Connection Between Contraception and Meningiomas
Meningiomas are the most common tumors within the skull in adults. They are mostly benign but can cause symptoms and may require surgery or radiation. Women are significantly more affected than men.1 Since many of these tumors have receptors for the hormone progesterone, scientists have long suspected that female sex hormones could play a role in their development.
It was already known that some high-dose progestins (a group of female sex hormones) can increase the risk of meningiomas. However, whether this also applies to progestins contained in hormonal contraceptives had not been sufficiently investigated. This is precisely the question the study’s authors pursued.
Study Design and Methods
For the study, the researchers analyzed the health data of 3,078,410 women aged 15 to 59 who lived in Denmark between January 1, 2000, and December 31, 2024. The study period thus covered 25 years.2
A total of 1,473 women were included, who were diagnosed with a meningioma for the first time. The researchers compared them with ten similar women without meningiomas, totaling 14,717 control subjects. Women with known influencing factors such as hormone replacement therapy or certain pre-existing conditions were excluded.
Using prescription and treatment data, the authors recorded which hormonal contraceptives were used.
Compared were:
- combined birth control pills
- progestin-only pills
- hormonal IUDs with high or low levonorgestrel doses
- medroxyprogesterone injections
Additionally, the researchers considered how long the contraceptives had been used and how much time had passed since the last use.

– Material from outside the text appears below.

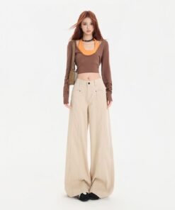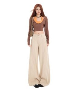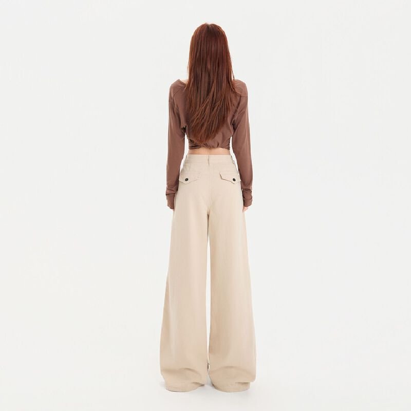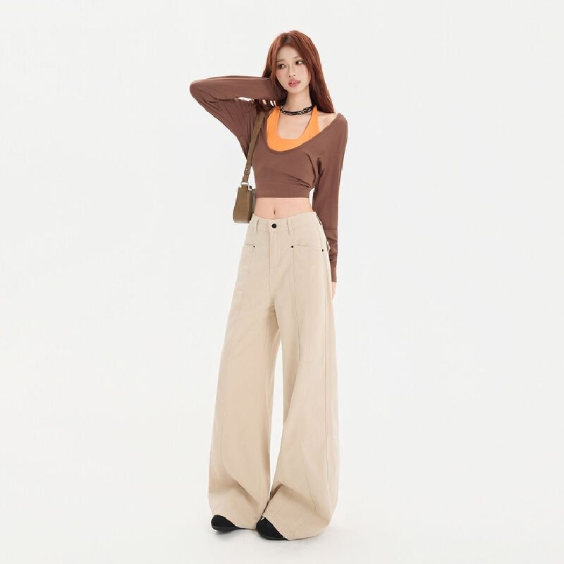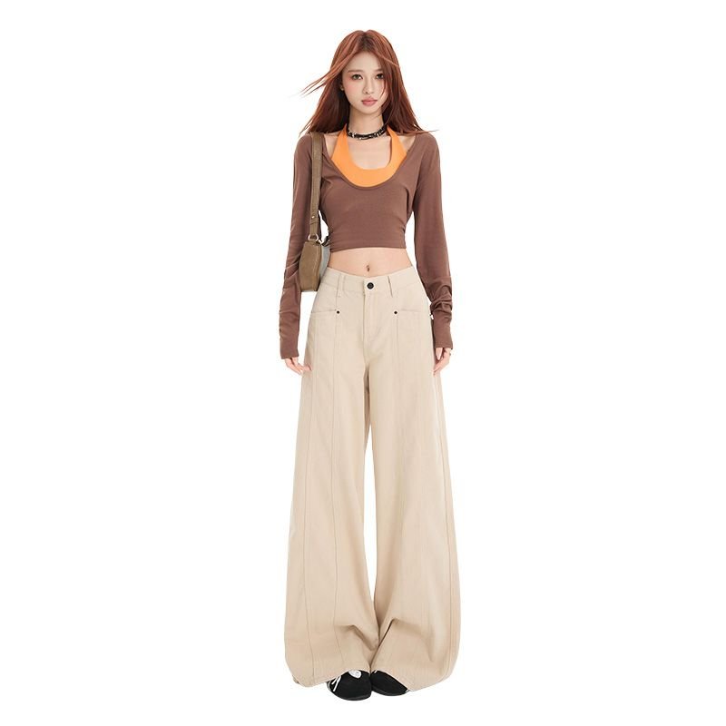 Vapetix XS-XL Real-shot: Beige Workwear Wide-leg Denim Pants for Women, New Style, American Style, High Waist, Sl

Special Risk Identified with Contraception via Injection
The connection was most pronounced with medroxyprogesterone injections. Women using this contraceptive method had more than a fourfold increased risk of a meningioma compared to women without hormonal contraception. For women currently using the injections, the risk was almost ten times higher. However, despite this significant relative difference, the overall risk of illness remains rare.
The authors also observed an increased risk with several birth control pills. Affected were contraceptives with the progestins cyproterone, desogestrel, drospirenone, gestodene, and levonorgestrel. For contraceptives with norethisterone or norgestimate, the data did not provide a clear indication of an increased risk, possibly due to low case numbers. For progestin-only pills, a connection was only found for desogestrel, not for norethisterone.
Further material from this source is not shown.